Soaring energy prices threaten metallurgical, metalworking sector

  • Lusa
  • 24 March 2022

The metallurgical and metalworking sector is until the end of April benefiting from collective energy purchases made last year, but companies say they may scale back their activity.

Portugal’s metallurgical and metalworking sector is until the end of April benefiting from collective energy purchases made last year, but companies say they may scale back their activity from May in the face of soaring energy costs and raw materials shortages.

“We also think that we run the risk from May, with very high energy costs and without enough raw materials to work with, of some companies having to reduce their normal periods of activity, without a doubt,” said the vice president of the Association of Metallurgical, Metal Mechanical and Allied Industries of Portugal (AIMMAP), Rafael Campos Pereira, in comments to Lusa.

According to Pereira, at present “a large part” of the sector’s companies “are still benefiting from the collective energy purchases that were made by the association itself in 2021, as it had done since 2011, and which take effect until April 30.

“Which means that, at the moment, a large part of the companies in our sector and those associated with AIMMAP are still paying last year’s fixed prices, so, in some cases, five, six times less than [the price at which] the market is now,” he stressed.

Despite the “relatively safe situation” at the moment, Pereira said, “as of 1 May, companies will see their energy costs increase perhaps three or four times, unless the situation evolves,” given the surge of energy prices that has happened in the meantime.

Additionally, he noted, “energy suppliers are no longer ready to fix prices” so, although the sector may continue to make joint purchases, it will have to do so “with indexed, variable prices” and no longer at fixed prices as it has done until now.

While the relative weight of energy costs is lower in the metalworking sector than in some others, such as textiles, the vice-president of AIMMAP said, there are sub-sectors, such as foundries, that have a larger “weight” of energy, particularly natural gas, but also electricity.

In this context, the association vice-president described as “fundamental an answer at a European level” and said that “Portugal’s government must also be committed to this … with the group purchase of energy.”

With regard to raw materials, AIMMAP also considers “it fundamental that the European Commission’s taxes on imports from outside Europe be eliminated” and is “pressing the government, this time, to take a position in line with this need of Portuguese industry.”

The European sectoral association, he added, “is also diligent in this direction with the European Commission.”

AIMMAP is also calling for urgent “measures to protect employment” such as the reactivation of the furlough or simplified layoff measure available during the pandemic “to address these difficulties”.

As for the argument of the minister of economy, Pedro Siza Vieira – that the government prefers “to give support so that companies continue to work rather than give support so that workers go home” – Campos Pereira counters: “Our companies do not need any incentive to work.
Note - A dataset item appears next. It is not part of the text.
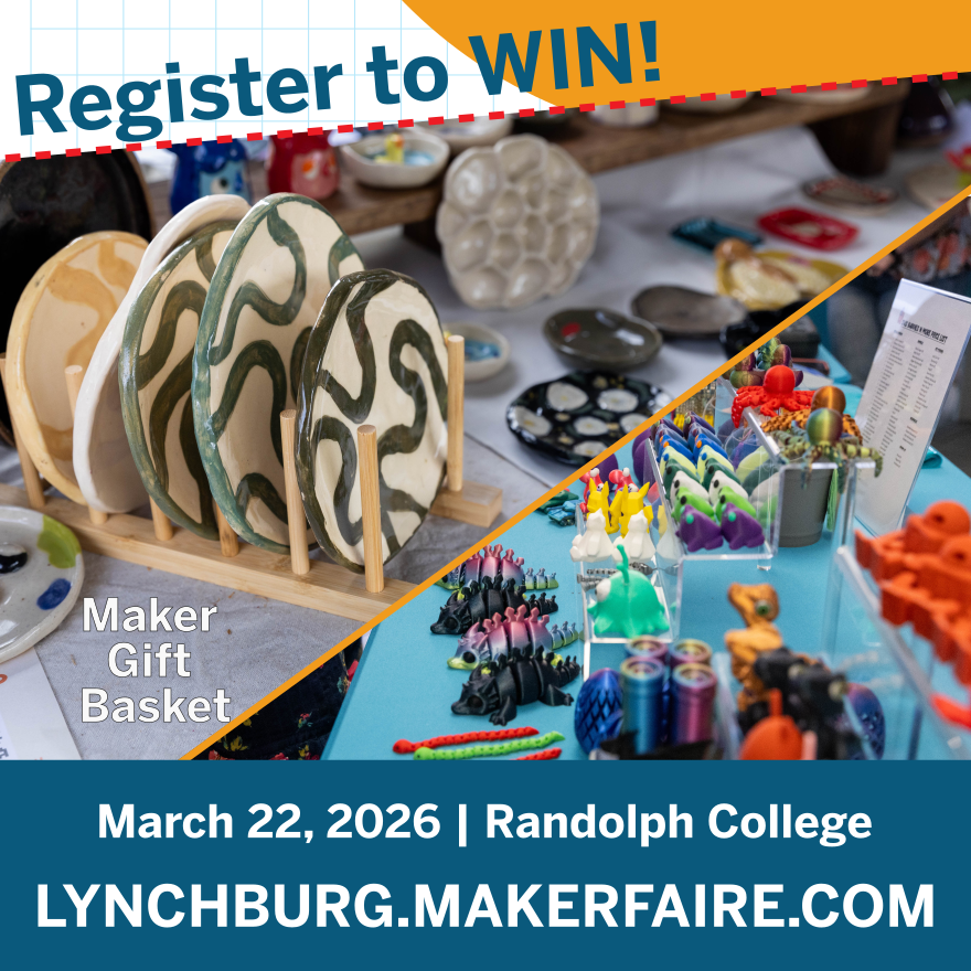 Register for Maker Faire Lynchburg and be entered to win a Maker Basket full of goodies from our 2026 exhibitors! Both pre-event and on-site registration will qualify as entries. Limit one entry per household. Maker Faire Lynchburg is Sunday, March 22, 2026 from 11am-5pm at Randolph College. Drawing will be made at the event on March 22nd. Registered persons must attend the Faire to be eligible to win.

I think that the government, there, doesn’t really see the problem. We just want to protect employment and protect activity.

“Companies want them to work,” he went on. “What’s more, companies have many orders; what is happening is that they run the risk of not being able to meet them because energy costs are unaffordable and because raw materials are in short supply.”

In the textile sector, more than half of companies are already making temporary stoppages due to rising energy prices, according to the Portuguese Textile and Clothing Association (ATP), which on Tuesday warned of imminent insolvencies if mechanisms such as furlough are not implemented.

“The sector is very resilient,” the ATP president, Mário Jorge Machado, told Lusa. “Companies are resisting as much as they can, but if this situation continues for more weeks, I am unfortunately convinced that we will have insolvency situations because companies have not been helped, nor have there been mechanisms to allow them to adjust to this situation.”

According to Machado, so far the association has only been made aware of one case of definitive closure, but around 50% to 70% of companies in the sector are currently making temporary halts to activity, for a few days a week, to try and mitigate the effects of rising energy prices.

“Companies are working fewer days a month, in an attempt to wait for the price of gas to come down somewhat, because working at [current] gas prices, companies are making a loss every day,” said Machado. “The fewer days they work, the less loss they have.”